I opted for crocus and scilla, because tulips are beautiful  but the first time it rains they break my heart in two. Crocus, peeking up through the snow in February also  break my heart, but in a lovely way.imgres-copy

If and when November weather arrives I will work to expand my chili repertoire. I shall master chicken and dumplings, ditto the meatloaf. 

As a matter of fact, the same colleague who instructs me on lawn care is also my meatloaf mentor, so I am hopeful for good results all the way around.

I expect to have plans for a new garage by the end of the month.  At first I thought I would just replace the one I have, but as I have thought more about it, the design has grown to include a garage, a new patio and backyard fireplace. 

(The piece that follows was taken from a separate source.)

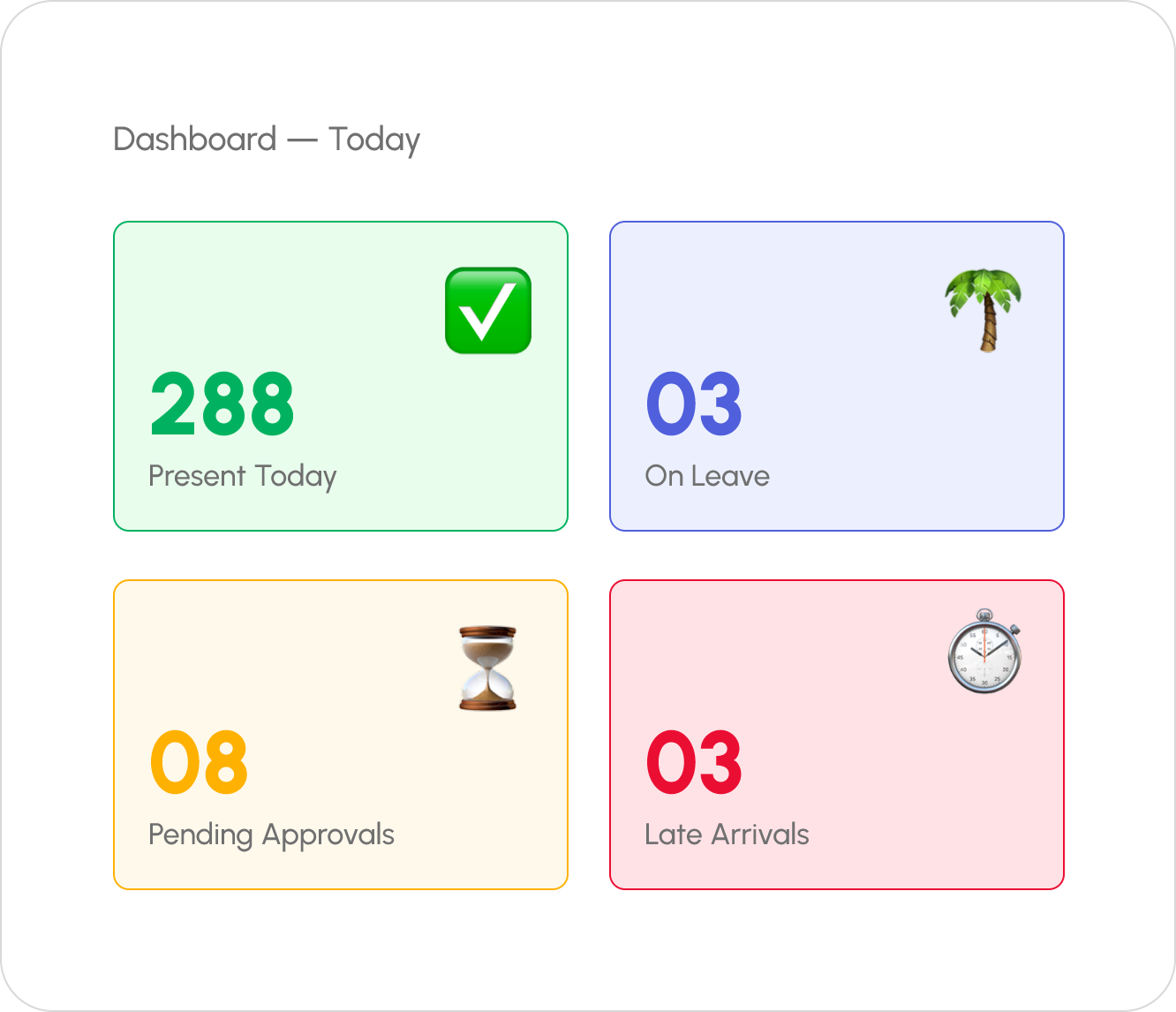 HR sees company-wide metrics. Managers see their teamβs data. Employees see their personal summary β todayβs status, leave balance, upcoming holidays, and recent payslips. Everyone gets the information that matters to their role.

Plans, here, being the operative word.  It is likely I will end up with a parking pad, a car tarp and a hibachi grill balanced on some cinderblocks on a little patch of dirt, but right now, in my head, it’s going to be spectacular.

And we haven’t even talked about December and the holiday festivities.  Of course we will be busy making plans and wrapping gifts and overeating and regretting it in the morning.  In other words, we have lives to live and we should return to them as soon as possible. 

This is not to say that our concerns  are over now that the election is.  Rather, it is a small reminder that we have control over our own lives, every day down here at ground zero.  That, regardless of who has been elected, we still make decisions for ourselves and we have the power to adjust those decisions to accommodate whoever will be in the White House come January 20.  To remind us that, after that cold and blustery morning of the swearing in, it will be okay, because soon February will arrive, and with it, crocus.